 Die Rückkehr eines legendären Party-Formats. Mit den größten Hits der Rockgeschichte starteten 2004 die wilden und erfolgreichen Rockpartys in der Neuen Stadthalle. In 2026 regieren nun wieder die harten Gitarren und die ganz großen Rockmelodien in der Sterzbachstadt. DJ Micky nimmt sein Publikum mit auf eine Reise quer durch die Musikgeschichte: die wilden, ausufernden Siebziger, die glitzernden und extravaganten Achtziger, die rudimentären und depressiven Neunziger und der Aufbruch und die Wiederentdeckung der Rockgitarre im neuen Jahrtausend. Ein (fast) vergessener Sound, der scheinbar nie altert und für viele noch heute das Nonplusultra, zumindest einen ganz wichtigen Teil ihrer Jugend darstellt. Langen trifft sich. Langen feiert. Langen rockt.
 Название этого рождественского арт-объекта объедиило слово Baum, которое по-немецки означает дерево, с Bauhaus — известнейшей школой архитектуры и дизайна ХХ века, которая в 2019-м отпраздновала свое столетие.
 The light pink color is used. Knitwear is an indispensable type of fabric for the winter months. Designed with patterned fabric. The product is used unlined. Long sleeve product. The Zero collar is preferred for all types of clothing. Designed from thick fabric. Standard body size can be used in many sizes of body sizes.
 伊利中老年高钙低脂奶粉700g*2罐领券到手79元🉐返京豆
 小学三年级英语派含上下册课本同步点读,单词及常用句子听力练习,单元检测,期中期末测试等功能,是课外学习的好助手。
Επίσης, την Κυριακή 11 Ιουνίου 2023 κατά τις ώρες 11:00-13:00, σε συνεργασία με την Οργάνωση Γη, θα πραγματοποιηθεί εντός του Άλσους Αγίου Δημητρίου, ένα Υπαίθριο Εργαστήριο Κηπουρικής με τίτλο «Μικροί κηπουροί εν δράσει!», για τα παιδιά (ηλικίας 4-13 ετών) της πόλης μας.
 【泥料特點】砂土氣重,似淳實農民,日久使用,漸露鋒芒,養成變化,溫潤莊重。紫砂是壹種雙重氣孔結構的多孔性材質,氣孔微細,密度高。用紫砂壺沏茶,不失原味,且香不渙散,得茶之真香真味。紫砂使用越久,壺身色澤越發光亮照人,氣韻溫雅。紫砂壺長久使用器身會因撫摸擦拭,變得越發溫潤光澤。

Problem statement —
Return exactly the lines above from the line that has "小学三年级英语派含上下册课本" through the line that has "Επίσης, την Κυριακή", inclusive, and nothing else.

Response below —
 小学三年级英语派含上下册课本同步点读,单词及常用句子听力练习,单元检测,期中期末测试等功能,是课外学习的好助手。
Επίσης, την Κυριακή 11 Ιουνίου 2023 κατά τις ώρες 11:00-13:00, σε συνεργασία με την Οργάνωση Γη, θα πραγματοποιηθεί εντός του Άλσους Αγίου Δημητρίου, ένα Υπαίθριο Εργαστήριο Κηπουρικής με τίτλο «Μικροί κηπουροί εν δράσει!», για τα παιδιά (ηλικίας 4-13 ετών) της πόλης μας.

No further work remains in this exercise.